In an attempt to address and potentially resolve this controversy, data collected in the FEAST trial along with four other sets of data involving volume expansion in critically ill children were evaluated with a focus on changes in cardiovascular, neurological, and respiratory function. Analysis of blood biochemistry and blood oxygen transport were also conducted.

The cardiovascular, respiratory, and neurologic functions were scored on the basis of objective measurements, such as heart rate, respiratory rate, and blood pressure. These measures were evaluated prior to fluid administration and at 1 hour, 4 hours, 8 hours, 24 hours, and 48 hours after fluid administration. Odds ratio (OR) of an adverse outcome were evaluated in the context of each 10-unit change in these scores.

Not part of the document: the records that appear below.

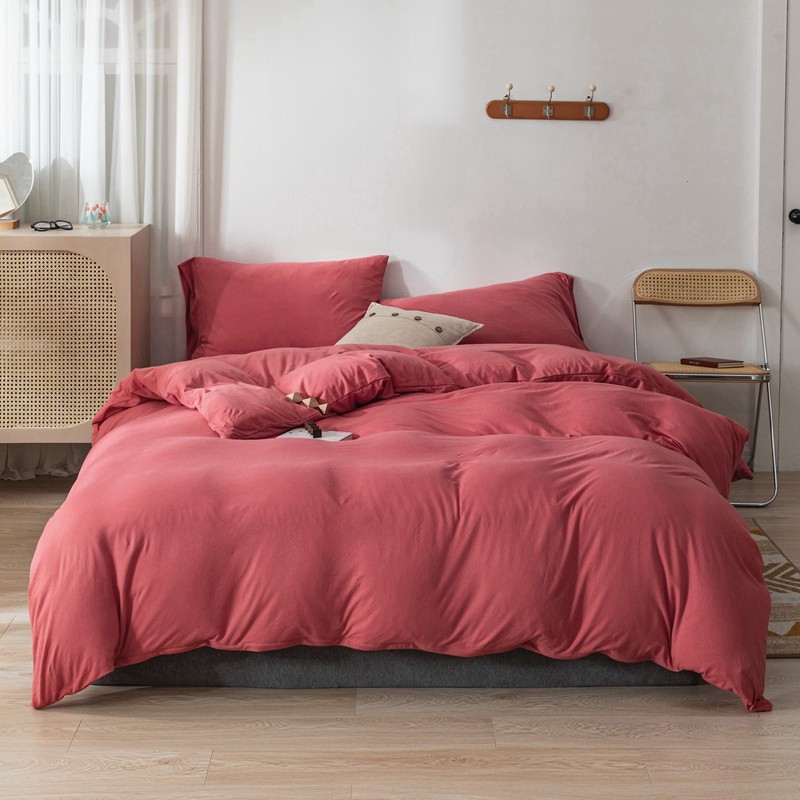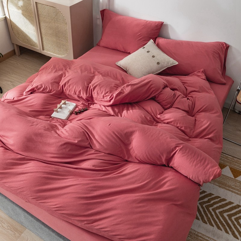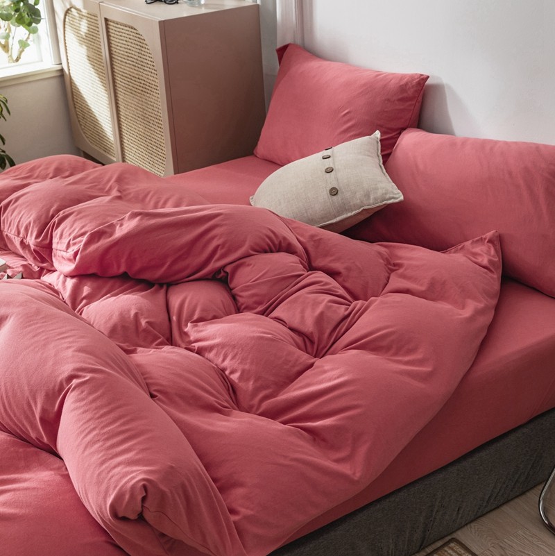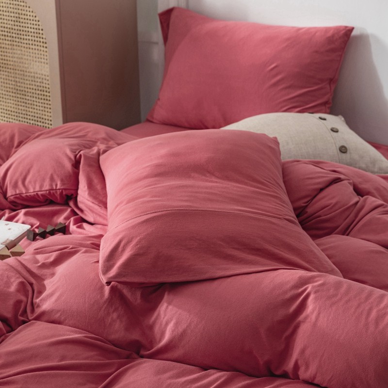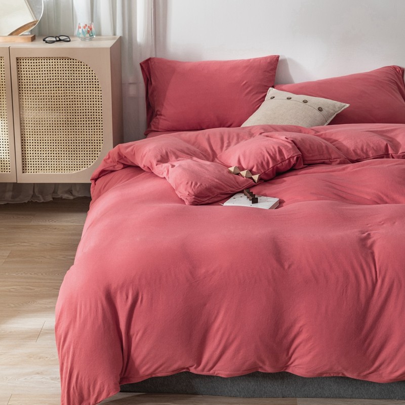 商品名称:简煦 2025新款针织印染纯色四件套 印-西瓜红
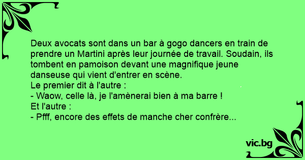 Deux avocats sont dans un bar à gogo dancers en train de prendre un Martini après leur journée de travail. Soudain, ils tombent en pamoison devant une magnifique jeune danseuse qui vient d'entrer en scène.
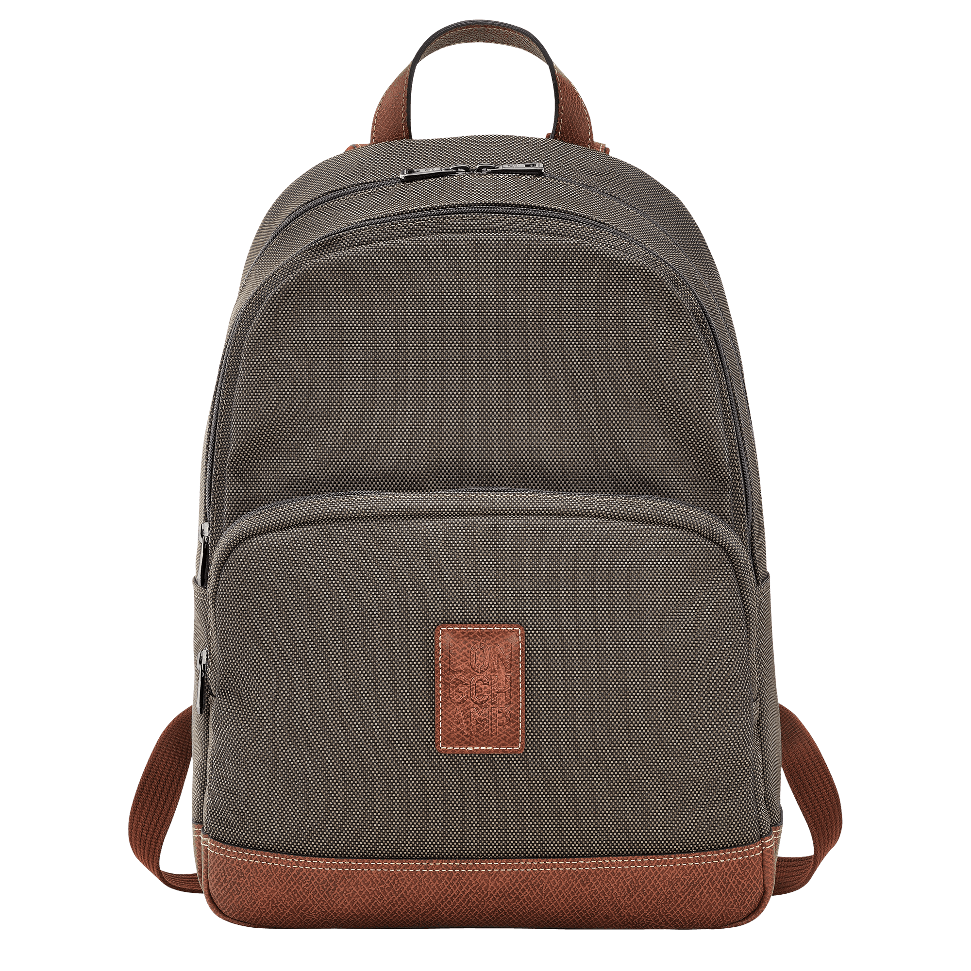 This bag boasts ample space and practicality while maintaining an elegant style, embodying the essence of hiking backpack design. It features two external pockets, emphasizing understated elegance. The collection includes simple designs paired with a Longchamp rectangular leather embossed logo and contrasting stitching, showcasing refined and elegant style. The canvas is adorned with two-tone Russian leather trim, fully displaying a rich three-dimensional effect.

Relative to baseline, there was worsening respiratory and neurological function after fluid administration. Although cardiovascular function improved, hemoglobin concentrations were lower in those who received fluid than in those who did not. Fluid resuscitation was also associated with lower bicarbonate and increased base deficit and chloride at 24 hours.

Regression modeling with physiological variables suggests “that the increased mortality in FEAST can be explained by bolus-induced worsening in respiratory and neurological function, hemodilution, and hyperchloremic acidosis,” according to the authors.

Analyses of the four other sets of data, which included children treated for meningococcal sepsis in the United Kingdom, acutely ill with malaria treated in Malawi, and cohorts of children in South Africa and a London hospital for acute illnesses, provided supportive data.

Although this analysis does not address the value of administering buffered solutions in low volumes, the authors concluded that the data from the FEAST trial are generalizable. They challenge the routine use of bolus infusions of saline or albumin in the initial management of shock, which has been guideline recommended. The risks of fluid resuscitation might be particularly high among children who already have compromised respiratory or neurologic function.